== DATA ==
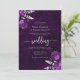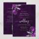 Cette invitation de mariage élégante présente des bouquets de fleurs de prune mis en valeur avec un feuillage en faux foil argenté dans deux coins, sur une image de fond d'agate aquarelle prune pourpre. Le verso offre un espace pour les détails du mariage, ainsi qu'un code QR que les invités peuvent scanner pour visiter votre site web et répondre, ce qui permet d'économiser les frais d'impression et d'envoi de cartes de réponse séparées.
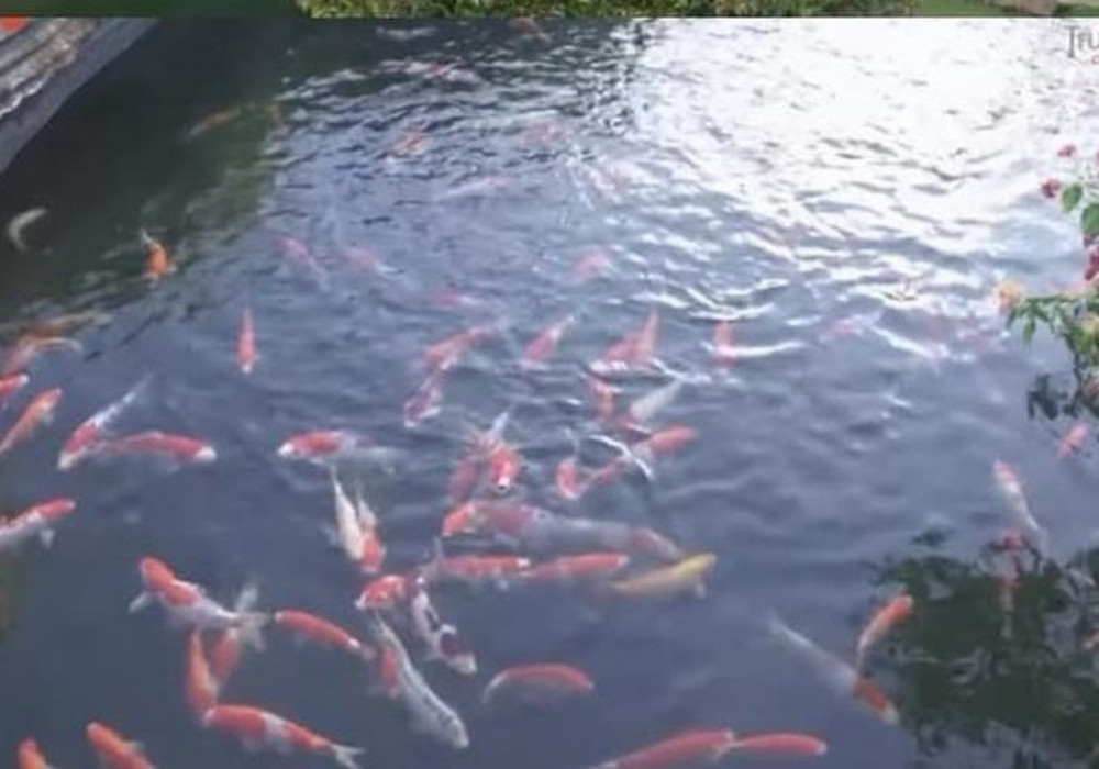 Ngoài mảng xanh sân vườn, Trường Giang còn xây hồ nuôi giống cá Koi giá trị. Phía sau khu nhà anh thiết kế một dòng suối, hai bên bờ trồng rau xanh mướt. Do công việc bận rộn nên nghệ sĩ thuê một cặp vợ chồng làm quản gia, trông coi, chăm sóc cơ ngơi này.
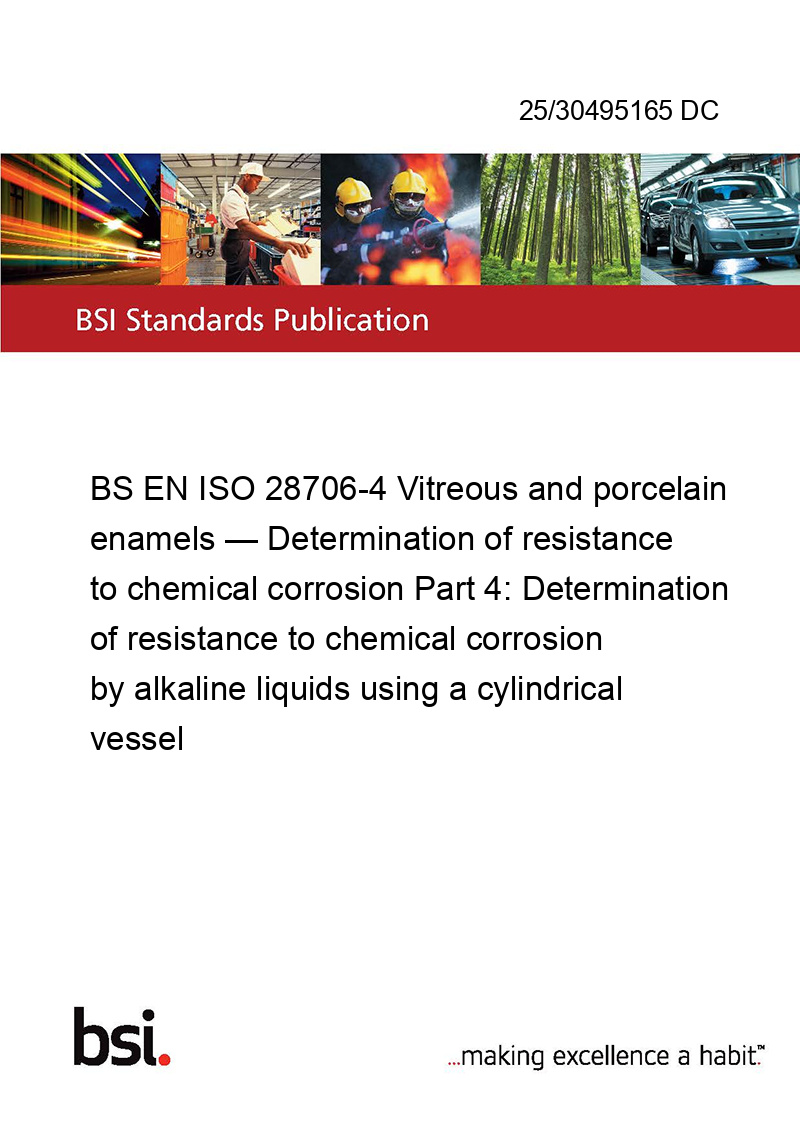 BS EN ISO 28706-4 Vitreous and porcelain enamels — Determination of resistance to chemical corrosion Part 4: Determination of resistance to chemical corrosion by alkaline liquids using a cylindrical vessel

== WHAT TO DO ==
Write out, exactly and only, the lines from the one containing "Ngoài mảng xanh" through the last line of the material above. Pictures do not go in the copy.

== TASK SOLUTION ==
 Ngoài mảng xanh sân vườn, Trường Giang còn xây hồ nuôi giống cá Koi giá trị. Phía sau khu nhà anh thiết kế một dòng suối, hai bên bờ trồng rau xanh mướt. Do công việc bận rộn nên nghệ sĩ thuê một cặp vợ chồng làm quản gia, trông coi, chăm sóc cơ ngơi này.
 BS EN ISO 28706-4 Vitreous and porcelain enamels — Determination of resistance to chemical corrosion Part 4: Determination of resistance to chemical corrosion by alkaline liquids using a cylindrical vessel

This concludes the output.